Anyone with diarrhea could be spreading it. Catching it can
produce fever, nausea, abdominal pain, severe diarrhea and sometimes colitis.
The best way to prevent its spread? Washing hands. Because hospital personnel do
not disinfect their hands enough, antibiotics have had to be used so many times to
save patients from it that it has become resistant to those antibiotics.
If the patient community could learn where the biggest
problems with this infection were, they could avoid those places. If patients
avoided those places, providers would find the time to clean up the problem
because their own well being would depend on it.
Passing another rule requiring better behavior has not
increased hand washing enough in 160 years.

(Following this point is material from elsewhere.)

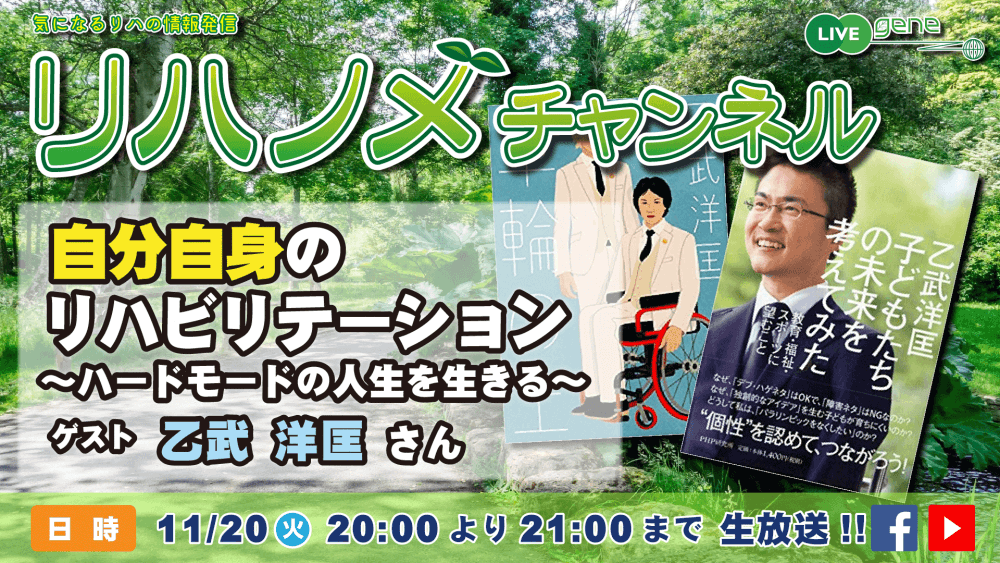 「五体不満足」の著者、乙武洋匡さんがリハノメチャンネルに出演することが決定した。

Appointing another watchdog or
implementing another best practices policy has not either. Patients really need
to be able to see the facts of what and where such problems are in order to make intelligent cost-benefit analyses.

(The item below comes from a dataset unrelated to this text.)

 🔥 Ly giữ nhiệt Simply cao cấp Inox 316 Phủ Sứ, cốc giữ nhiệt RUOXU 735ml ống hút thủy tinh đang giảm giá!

An informed patient community can make its well
being important enough to the well being of care givers to cause them to clean
up their acts.
Care givers don't care where the death traps are as much as
they care about protecting their own well being. If they did, they would know.
And they don't. The only reason Semmelweis cared is that his patients knew
because they were in a unique situation that enabled them to figure it out for
themselves. That's the position patients need to be in again today. Otherwise it
will continue to be in the interest of medicine to infect patients.
According to the Centers for Disease Control, of the patients
that our caregivers infect, 99,000 die each year. That means a number many times
larger than that are disabled, but do not die from it. And not one of those
deaths is the result of an error. The means to prevent each of those infections
is known and available, but it is calculated that it would take too much time.
That is why the symbol for patient safety should be a
chalk outline.
If the symbol is not a chalk outline, it should be a graphic
representation of concerned people having the same conversation for 160 years
without figuring out that it is the wrong conversation.